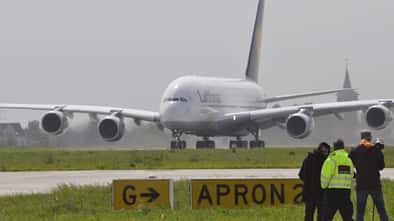 Der erste an Lufthansa gelieferte Airbus A380, D-AIMA, ist am Sonntag in Manila eingetroffen, wo...
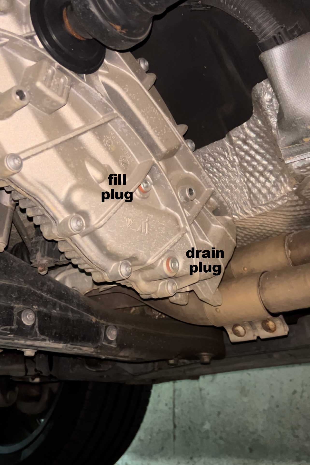 - Identify the fill plug and drain plug (at the bottom). Remove the fill plug first, to ensure you can refill before draining.
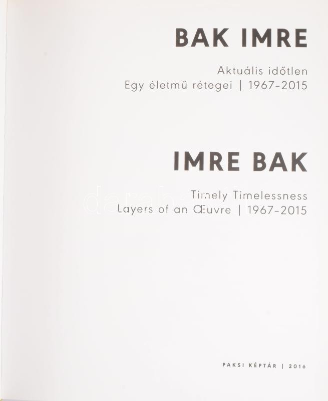 Bak Imre: Aktuális idÅ‘tlen. Egy életmű rétegei. 1967-2015. / Timely Timelessness. Layers of an Oevure. 1967-2015. Szerk. / Edited by Fehér, Dávid. Paks, 2016, Paksi Képtár, 235+1 p. Gazdag képanyaggal illusztrált. Magyar és angol nyelven. Kiadói egészvászon-kötés, kissé foltos borÃtóval,de belül jó állapotban.
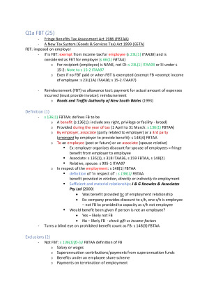This Taxation Law I notes are comprised for the exam in semester 2, 2021. Content: the exam includes 3 questions regarding - FBT consequences - Taxable income consequences - Income tax consequences - Residency These notes have specifically organised those content in the order of the questions and detailed the steps to analyse and answer those questions. Specifically, the FBT question may also cover knowledge from deduction and GST, which are also included. Best of luck with your study!
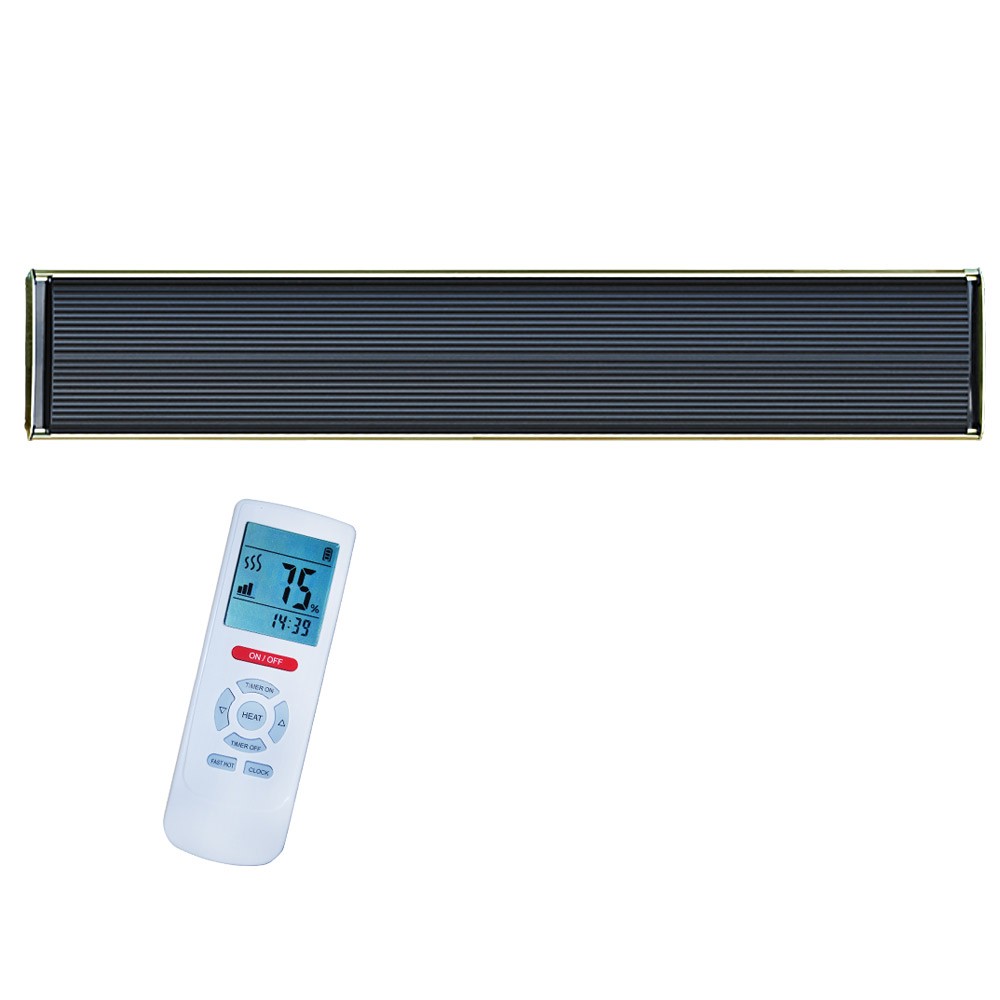 Этот мощный прибор (»1500 Вт) может обогреть комнату площадью 20 м2. В отличие от трёх предыдущих моделей, оснащён колесиками для перемещения, поскольку его масса превышает 5,5 кг. Может применяться не только в качестве напольного, но и настенного устройства. Корпус оснащён влагозащитой и имеет следующие размеры: ширина –75 см, высота – 45 см, толщина – 12 см. Дистанционное управление регулировкой температуры отсутствует. При перегреве отключается.
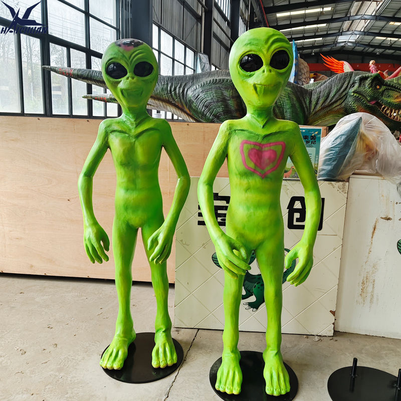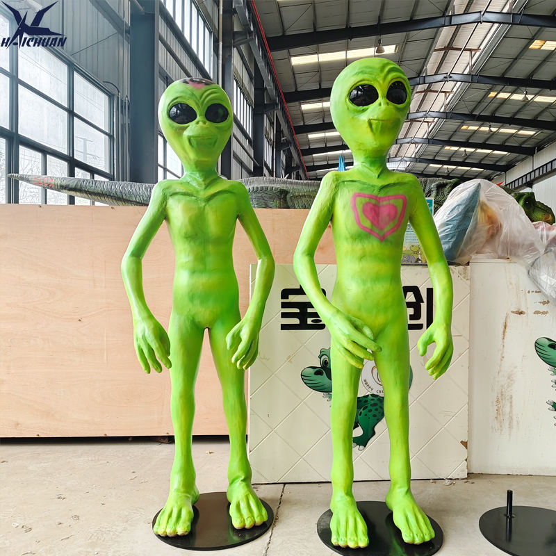 Estatuas de Extraterrestres Verdes de Alta Simulación a Tamaño Real con Diseño de Patrón Personalizado para Decoración de Parques Temáticos al Aire Libre
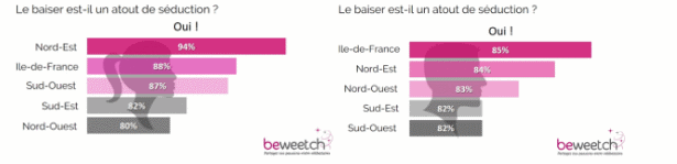 Une certaine diversité de la perception du French Kiss est également observée en fonction de la situation géographique des personnes interrogées. Du côté des femmes, 57% en Sud-Ouest jugent cette maîtrise importante contre 32% seulement en Sud-Est. Les hommes du Sud-Ouest sont également les plus nombreux à juger importante la maîtrise du French Kiss avec 58% d’opinion favorable pour seulement 45% pour les hommes résidents dans le Nord-Est de la France.
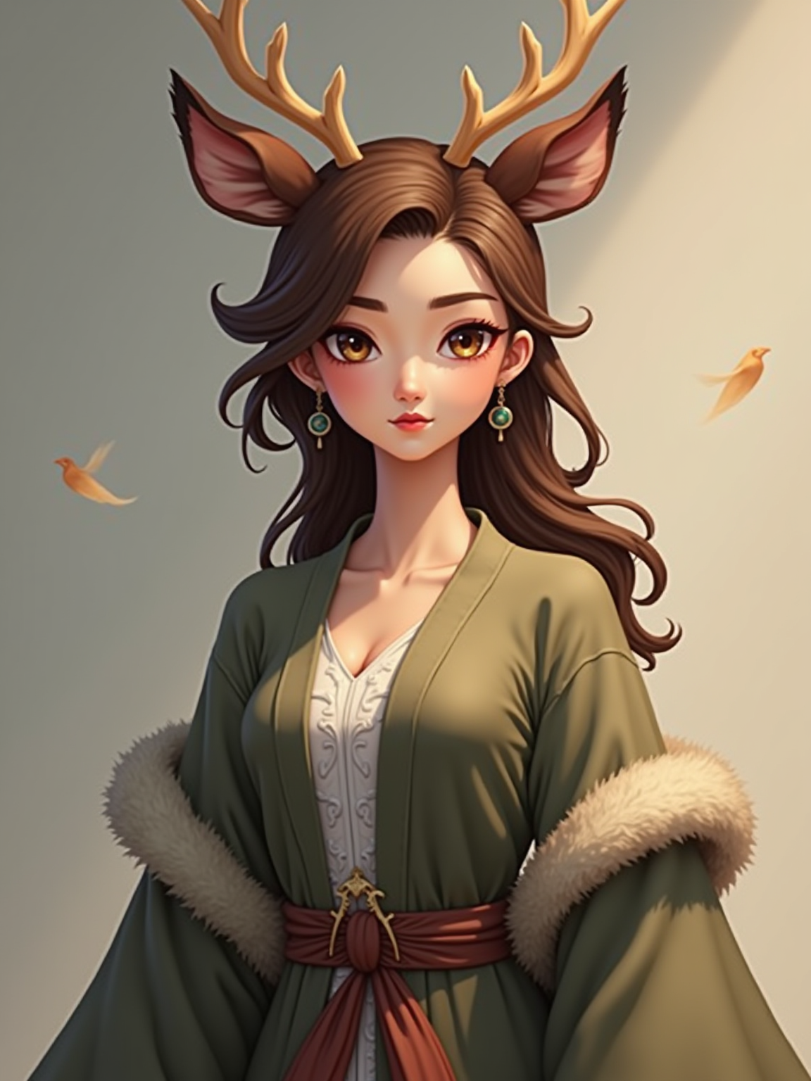 furry character of deer fursona of model with graceful doe features, brown spotted fur, and gentle expression , wearing nature-inspired clothing, serene expression, detailed digital furry art style, earth tones
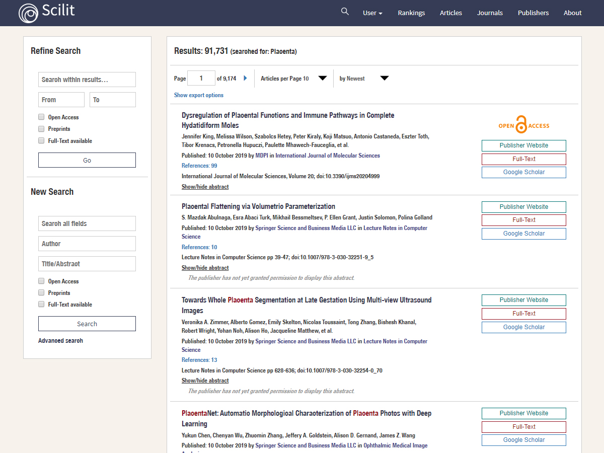 Scilit is a multidisciplinary, free scholarly database that indexes scientific material by extracting the latest data from CrossRef, PubMed, and other sources. This means that newly published articles are added to Scilit almost immediately. It is a comprehensive database, covering all subjects from arts & humanities, behavioral sciences & social sciences, to medicine & pharmacology, physical sciences, mathematics & computer science, chemistry & biology. Publications can be searched based on title, abstract, authors, or a combination of these fields. Search results include title, authors, published date, digital object identifier (DOI), a link to the publisher’s website, abstract, comments from SciForum, and related articles. Publishers have the possibility to login and import their articles to improve content accuracy.
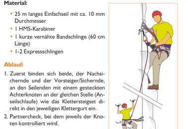 Bevor es mit den Kleinen losgeht, empfi ehlt sich ein „Trockentraining“ auf einem kurzen Übungsklettersteig. Dabei macht man Kinder mit der Ausrüstung vertraut, nimmt ihnen behutsam die Angst vor der Höhe und hat natürlich bereits jede Menge Spaß. Auf dem echten Klettersteig müssen Kinder, ausgehend vom oben genannten Grundsatz des Nichtstürzens, unbedingt immer geführt werden. Dies kann abhängig vom Alter in unterschiedlicher Art und Weise erfolgen.
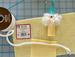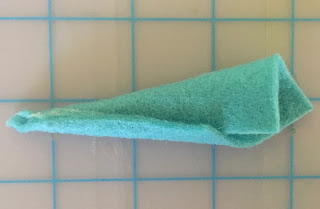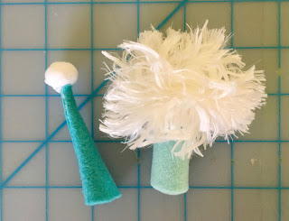 To make a long, skinny hat, roll a 3" wide strip of felt into a cone shape. Glue then trim into shape. Secure to the head with 1 or 2 small pins, or glue. Glue a white pom pom to the tip of the hat.
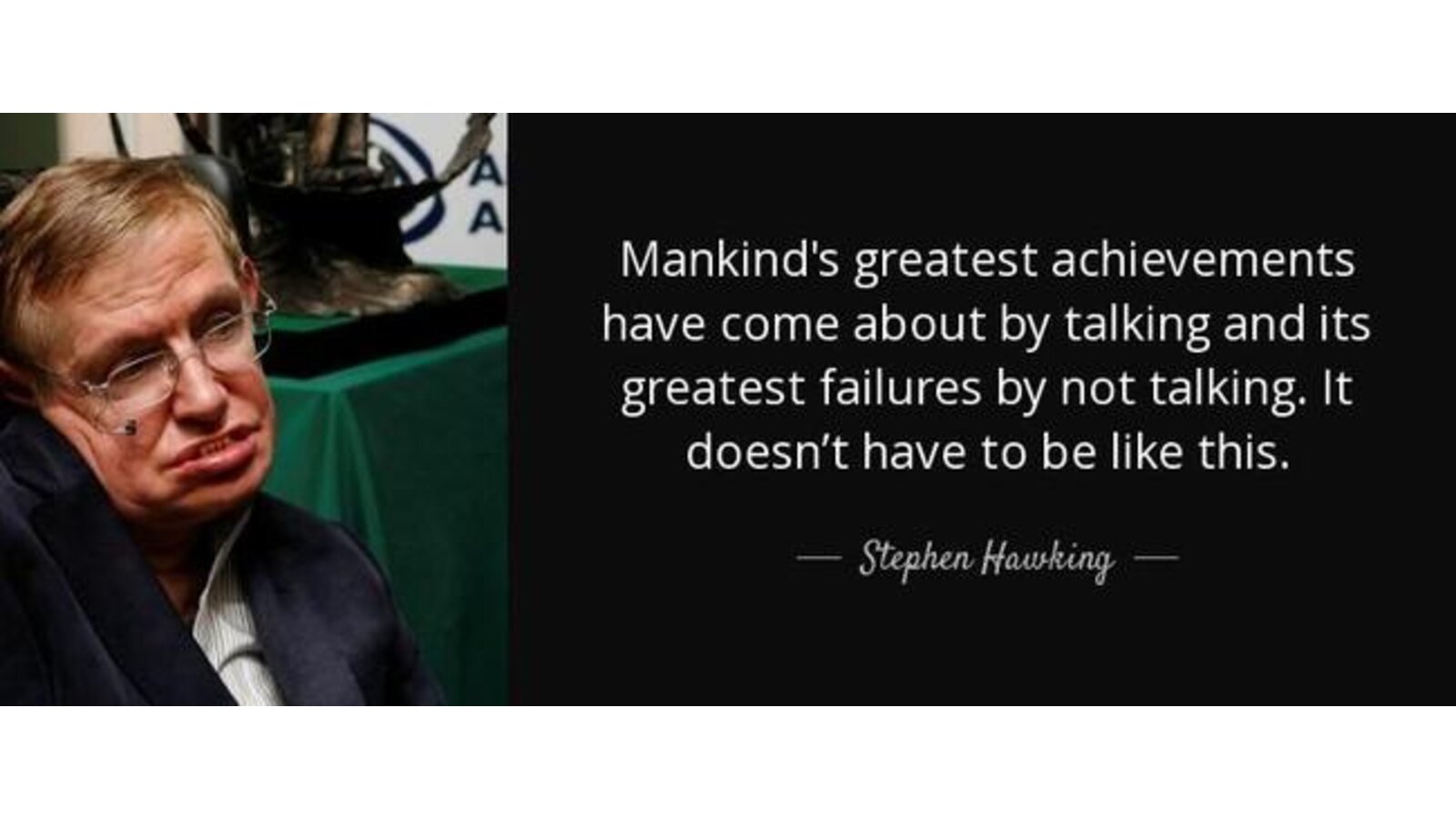 Mankind's greatest achievements have come about by talking and its greatest failures by not talking. It doesn't have to be like this.
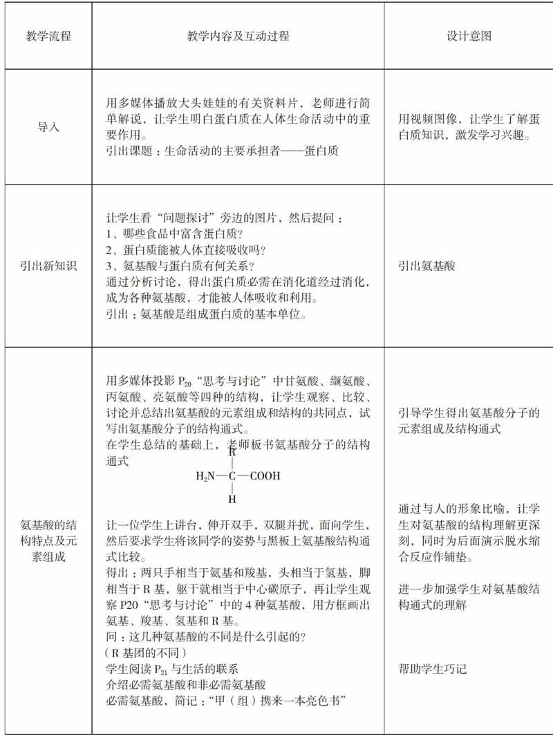 1 学习内容分析 本节内容是高中生物《必修一》第二章第2节内容,侧重让学生了解蛋白质的组成、结构和功能的多样性,及其能够成为生命活动的主要承担者的原因。20种氨基酸虽然结够不同,但是有共同的结构特征。课本没有直接给出氨基酸的结构通式,而是让学生观察4种氨基酸的结构,通过思考与讨论,找出氨基酸结构的共同特点,加深对氨基酸结构的理解。本节内容在教材中起到承上启下的作用。蛋白质种类繁多,功能多样,是生
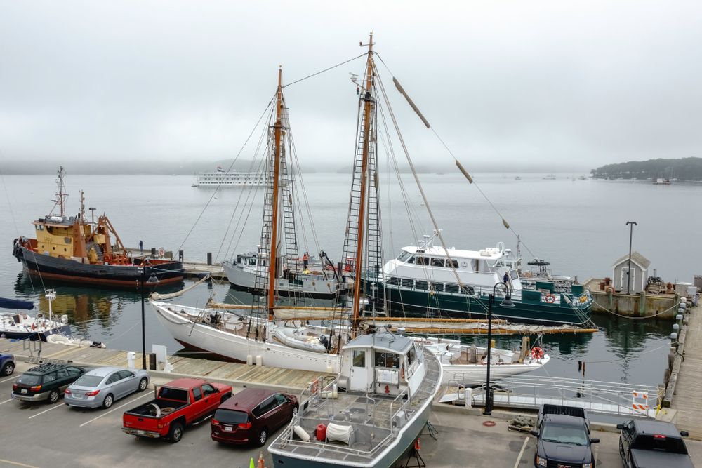 メイン州キャスティンの北極スクーナー船ボードインの港側の景色を望むウォーターフロントのシーン
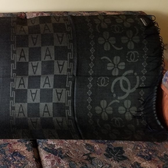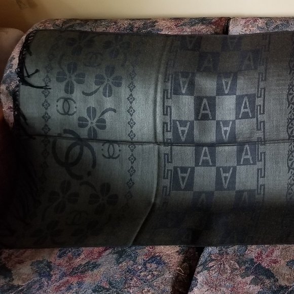 New in original packaging, double sided, reversible, with various patterns including a lucky four-leaf clover, winter scarf with a fringe. NWT in original bag, pashmina scarf = cashmere, unisex, men's or women's scarf, size OS. Width inches ~26, length inches 68, plus fringe. Dark green/olive green, black, dark gold, lucky 4 leaf clover, Irish shamrock, various patterns.

__________________________________________________

» Work instructions:
Reproduce the listing exactly. The pictures are to be omitted.

» Solution:
 Der erste an Lufthansa gelieferte Airbus A380, D-AIMA, ist am Sonntag in Manila eingetroffen, wo...
 - Identify the fill plug and drain plug (at the bottom). Remove the fill plug first, to ensure you can refill before draining.
 Bak Imre: Aktuális idÅ‘tlen. Egy életmű rétegei. 1967-2015. / Timely Timelessness. Layers of an Oevure. 1967-2015. Szerk. / Edited by Fehér, Dávid. Paks, 2016, Paksi Képtár, 235+1 p. Gazdag képanyaggal illusztrált. Magyar és angol nyelven. Kiadói egészvászon-kötés, kissé foltos borÃtóval,de belül jó állapotban.
This Taxation Law I notes are comprised for the exam in semester 2, 2021. Content: the exam includes 3 questions regarding - FBT consequences - Taxable income consequences - Income tax consequences - Residency These notes have specifically organised those content in the order of the questions and detailed the steps to analyse and answer those questions. Specifically, the FBT question may also cover knowledge from deduction and GST, which are also included. Best of luck with your study!
 Этот мощный прибор (»1500 Вт) может обогреть комнату площадью 20 м2. В отличие от трёх предыдущих моделей, оснащён колесиками для перемещения, поскольку его масса превышает 5,5 кг. Может применяться не только в качестве напольного, но и настенного устройства. Корпус оснащён влагозащитой и имеет следующие размеры: ширина –75 см, высота – 45 см, толщина – 12 см. Дистанционное управление регулировкой температуры отсутствует. При перегреве отключается.
 Estatuas de Extraterrestres Verdes de Alta Simulación a Tamaño Real con Diseño de Patrón Personalizado para Decoración de Parques Temáticos al Aire Libre
 Une certaine diversité de la perception du French Kiss est également observée en fonction de la situation géographique des personnes interrogées. Du côté des femmes, 57% en Sud-Ouest jugent cette maîtrise importante contre 32% seulement en Sud-Est. Les hommes du Sud-Ouest sont également les plus nombreux à juger importante la maîtrise du French Kiss avec 58% d’opinion favorable pour seulement 45% pour les hommes résidents dans le Nord-Est de la France.
 furry character of deer fursona of model with graceful doe features, brown spotted fur, and gentle expression , wearing nature-inspired clothing, serene expression, detailed digital furry art style, earth tones
 Scilit is a multidisciplinary, free scholarly database that indexes scientific material by extracting the latest data from CrossRef, PubMed, and other sources. This means that newly published articles are added to Scilit almost immediately. It is a comprehensive database, covering all subjects from arts & humanities, behavioral sciences & social sciences, to medicine & pharmacology, physical sciences, mathematics & computer science, chemistry & biology. Publications can be searched based on title, abstract, authors, or a combination of these fields. Search results include title, authors, published date, digital object identifier (DOI), a link to the publisher’s website, abstract, comments from SciForum, and related articles. Publishers have the possibility to login and import their articles to improve content accuracy.
 Bevor es mit den Kleinen losgeht, empfi ehlt sich ein „Trockentraining“ auf einem kurzen Übungsklettersteig. Dabei macht man Kinder mit der Ausrüstung vertraut, nimmt ihnen behutsam die Angst vor der Höhe und hat natürlich bereits jede Menge Spaß. Auf dem echten Klettersteig müssen Kinder, ausgehend vom oben genannten Grundsatz des Nichtstürzens, unbedingt immer geführt werden. Dies kann abhängig vom Alter in unterschiedlicher Art und Weise erfolgen.
 To make a long, skinny hat, roll a 3" wide strip of felt into a cone shape. Glue then trim into shape. Secure to the head with 1 or 2 small pins, or glue. Glue a white pom pom to the tip of the hat.
 Mankind's greatest achievements have come about by talking and its greatest failures by not talking. It doesn't have to be like this.
 1 学习内容分析 本节内容是高中生物《必修一》第二章第2节内容,侧重让学生了解蛋白质的组成、结构和功能的多样性,及其能够成为生命活动的主要承担者的原因。20种氨基酸虽然结够不同,但是有共同的结构特征。课本没有直接给出氨基酸的结构通式,而是让学生观察4种氨基酸的结构,通过思考与讨论,找出氨基酸结构的共同特点,加深对氨基酸结构的理解。本节内容在教材中起到承上启下的作用。蛋白质种类繁多,功能多样,是生
 メイン州キャスティンの北極スクーナー船ボードインの港側の景色を望むウォーターフロントのシーン
 New in original packaging, double sided, reversible, with various patterns including a lucky four-leaf clover, winter scarf with a fringe. NWT in original bag, pashmina scarf = cashmere, unisex, men's or women's scarf, size OS. Width inches ~26, length inches 68, plus fringe. Dark green/olive green, black, dark gold, lucky 4 leaf clover, Irish shamrock, various patterns.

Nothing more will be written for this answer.